The text itself is a type of Latin Vulgate Bible, often referred to as a Paris Bible. In Paris and northern France in the 13th century, a conventional order of books of the Bible was established, forming the template for the modern Bible. Before this, Bibles often came in multiple volumes, whereas the Paris Bible contained the entire text in a single book. As a result, these books (as with MS29) were written on ultra-thin vellum, allowing more text to fit into one volume.

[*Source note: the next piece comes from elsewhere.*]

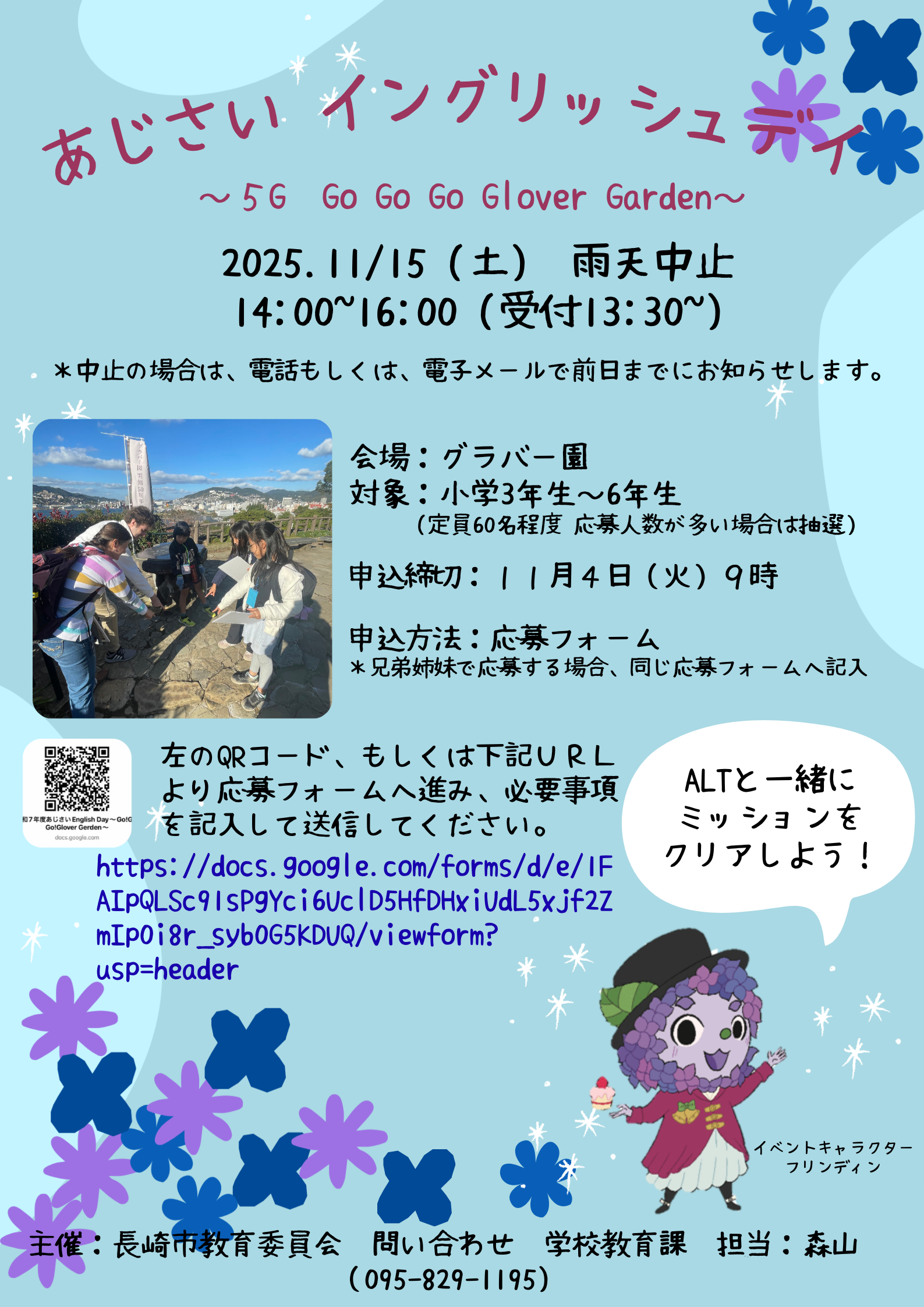 (1)長崎市内の小学生に、ALTなどの外国人と英語を用いてコミュニケーションを図る楽しさを体感させたり、日頃の外国語活動や外国語科での学習の成果を試したりする機会を提供することで、英語力の向上と国際感覚の醸成を図る。

The Bible is accompanied by a Hebrew Psalter: a Latin text translated directly from the Hebrew Psalms. Tables of gospel and epistle lections of Sarum use were added to the beginning (fols 1–4v) and end (fol. 548v) of the manuscript in the 15th century. This, as well as the annotations in a 15th-century English hand, indicate that it was in England by this time.
Inscriptions that may have identified the Bible’s former owners have been cut from the beginning of the manuscript. The earliest preserved ownership mark (fol. 4r) is that of a cleric, John Brickhill, written in a 16th-century hand.
Literature: Neil R. Ker and Alan J. Piper, Medieval Manuscripts in British Libraries, Volume IV: Paisley–York (Oxford, 1969), pp. 622–23; Paul Yeats-Edwards, Winchester College (Warden and Fellows’ Library) Medieval Manuscript Collection: Brief History and Catalogue (London, 1978), p. 8; Paul Quarrie, Winchester College and the King James Bible (Winchester, 2011), pp. 32–33.
Provenance: John Brickhill (English, 16th century); given to Winchester College in 1827 by Paulet St John-Milmay (1791–1845), Old Wykehamist (1803–05) and MP for Winchester (1818–35).